This paper assesses how electoral outcomes in both presidential and legislative elections in Latin America have been affected by the adoption of economic policies that seek to improve macroeconomic stability and facilitate the functioning of markets. The database includes 17 Latin American countries for the period 1985-2002, and a total of 66 presidential and 81 legislative elections. The set of testable hypotheses is derived from a review of the literature and is structured around the hypothesis of economic voting. It is found that (i) the incumbent’s party is rewarded for reductions in the rate of inflation and, to a lesser extent, for increases in the rate of growth; (ii) the more fragmented or ideologically polarized the party system, the higher the electoral rewards of reducing the inflation rate or raising the economic growth rate; (iii) voters care not only about economic outcomes, but also about some of the policies adopted: while the electorate seems blind to macroeconomic policies such as fiscal or exchange-rate policies, it is averse to pro-market policies, irrespective of their effects on growth or inflation; and (iv) the electorate is more tolerant of pro-market reforms when the incumbent’s party has a more market-oriented ideology.
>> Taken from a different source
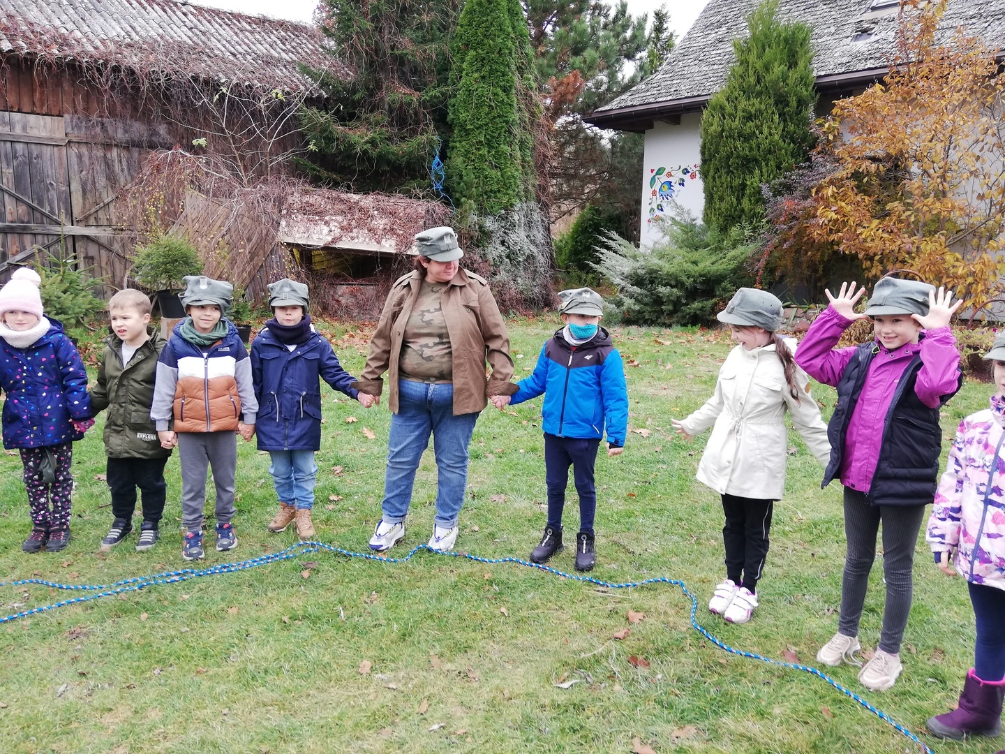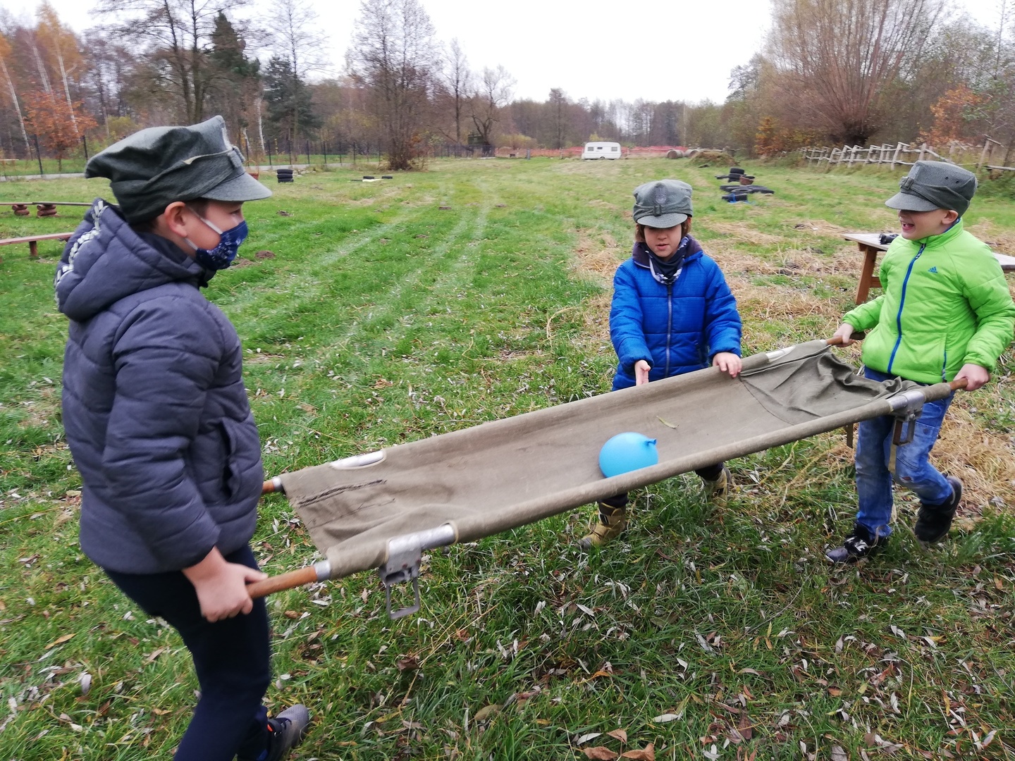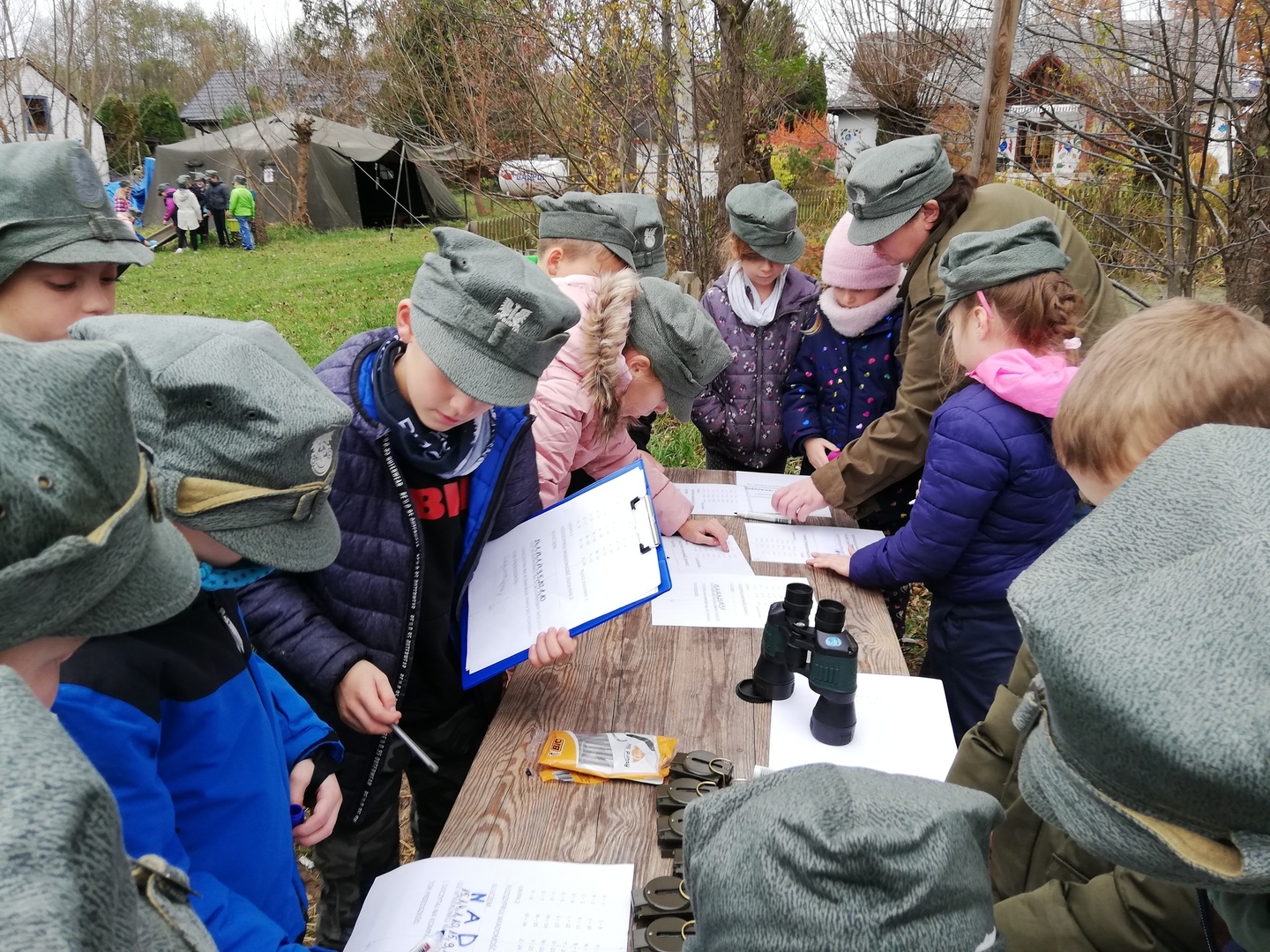 z Niepodległej Rzeczpospolitej Kampinoskiej (którzy mieszkali m. in. w Brzozówce), kiedy nie musieli walczyć z wrogiem. Wspólnie podejmowaliśmy się różnych codziennych zadań partyzantów takich jak np. produkcja partyzanckich dokumentów, szyfrowanie i odszyfrowanie meldunków, szukanie szpiegów i zwiadowców, szukanie niewypałów, konserwacja amunicji, znajdowanie zrzutów spadochronowych, rychtowanie mundurów, praca w szpitalu polowym, zdobywanie żywności. Mali partyzanci zostali zaproszeni na partyzancką zabawę: żołnierskie śpiewy i powitania. Na zakończenie wizyty dzieci otrzymały pamiątkowe dyplomy, oraz własnoręcznie zrobione odznaki i opaski. Po warsztatach pełnych wrażeń i fizycznych zmagań miło było usiąść przy ognisku i kiełbasce. A że pogoda dopisała, wszyscy wrócili uradowani, choć odrobinę zmęczeni.

These results suggest that reforming parties have paid a hefty price for the adoption of pro-market reforms, except when such reforms have been undertaken in conjunction with stabilization policies in high-inflation economies.

Suggested Citation

  • Eduardo Lora & Mauricio Olivera, 2005. "The Electoral Consequences of the Washington Consensus," Research Department Publications 4405, Inter-American Development Bank, Research Department.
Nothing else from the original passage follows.